Business Forecasting
Business forecasting is an essential procedure for the gap analysis. Gap analysis is a method used in business. It indicates the difference between a current state and a desired, future state. This is the gap. The managers make plans to fill the gap.
Forecasting helps the planner to agree targets. The forecast quantifies the benefit for shareholders or owners. It uses corporate performance indicators. Examples include -
- Return on equity
- Return on capital employed
- Growth in earnings per share
Learn from the past
‘Those who cannot remember the past are condemned to repeat it’ George Santayana, The Life of Reason Volume 1, Reason in Common Sense.
Useful information about the organization lies in its past. Making the effort to understand this can help in forecasting. Major changes in its patterns of performance raise issues important in the planning process. With these insights, planners are better able to find the organization's strengths and weaknesses. The planning team can make better-informed forecasts of the enterprise's future.
Long term and short term in business forecasting
Most long-term forecasts are of poor quality, bordering on completely useless.
Why?
First, forecasters do not use systematic processes.
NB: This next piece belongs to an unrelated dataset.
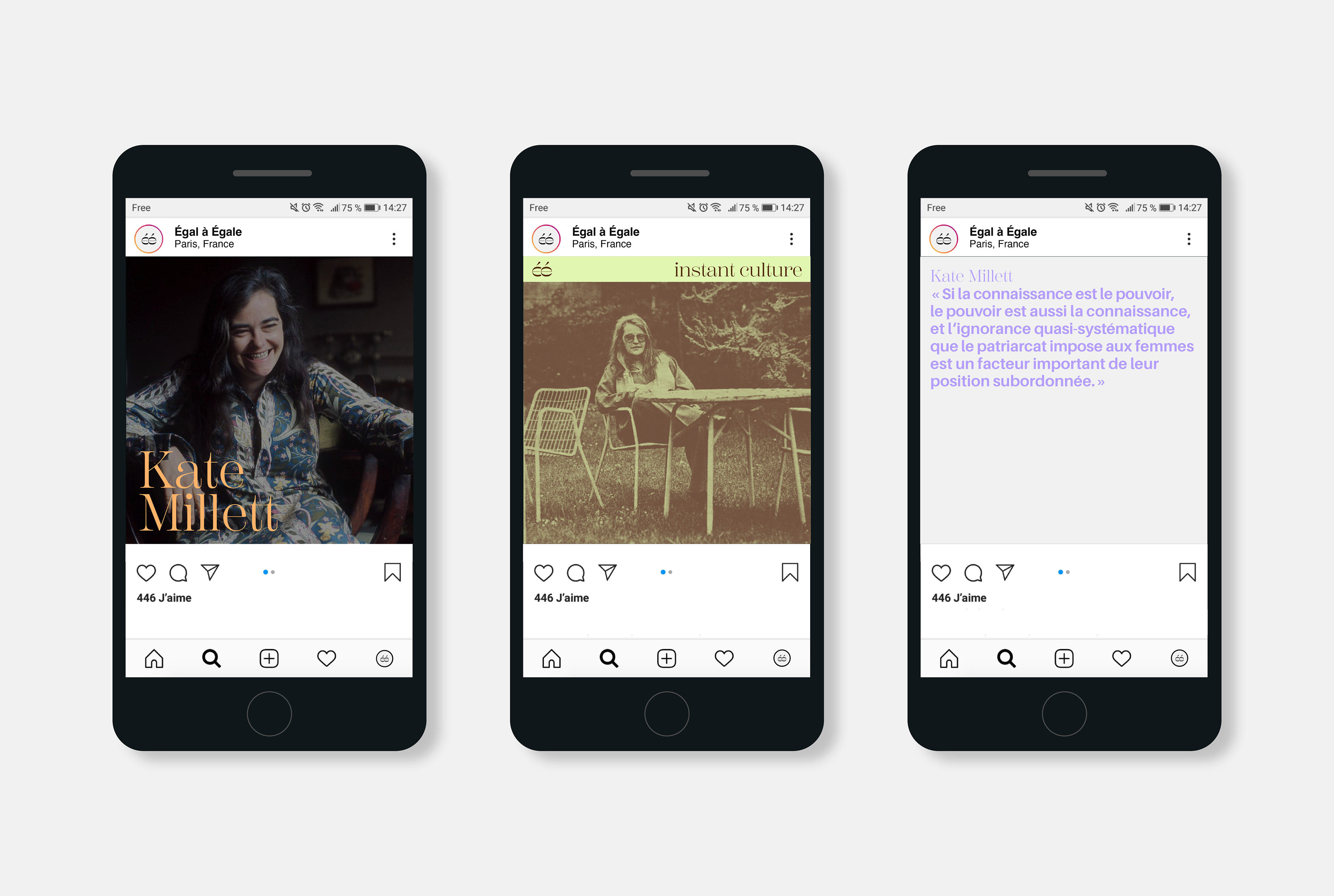 Visual identity for the feminist association D’égal à égale, which promotes equality between women and men through education through interventions and training in schools and businesses.

These reduce careless errors.
Second, forecasts fail because the future is uncertain.
There is a huge margin of error on long-range forecasts. You cannot use a forecast with huge errors.
Short-term forecasts usually contain masses of detail. This is because short-term forecasts help in day-to-day operational control, such as in budgets. Short-term forecasts are not as subject to big errors as are long-range forecasts.
Long-term forecasts, used in strategic planning must show the potential errors. They need little detail.
It is folly to put much store by single point forecasts. Yet, it is important o keep forecasts simple. For more on the value of simplicity in forecasting see Why Forecasts Fail.
In business, forecasting simplicity usually
beats sophistication
The key is simplicity.
What we need at this stage is a forecast of profits over the next five years. Base it on the recent past. Take account of changes in the environment. Do not count any possible response by the company. Assume that the company will continue on its present course unaltered. This assumption has the great advantage of reducing the scope for errors. It avoids unreal optimism over some new untried idea to improve company performance.
This forecasting of the current strategies into the future is the ‘base case’. It is the do-nothing scenario, or forecast-zero (Fo).
Even with this Fo forecast, big errors may be present. This is because the future is so uncertain. Be ready to face these uncertainties. How do we do this? We use a bracket of forecasts. We make a pessimistic and an optimistic forecast. You might also include a central 'most likely' forecast.
This diagram shows a simplified version of such business forecasting. The vertical axis displays the indicator of corporate performance. This may be profits. The horizontal axis shows the planning time horizon in years. Fopt is the most optimistic forecast by the planning team. Fpes is the most pessimistic.
Now bring results of the target setting exercise together with these forecasts to conduct the gap analysis. The planning team can now compare the bracket target with the bracket forecast to determine the gas. Closing the gap is the strategic task for the organization.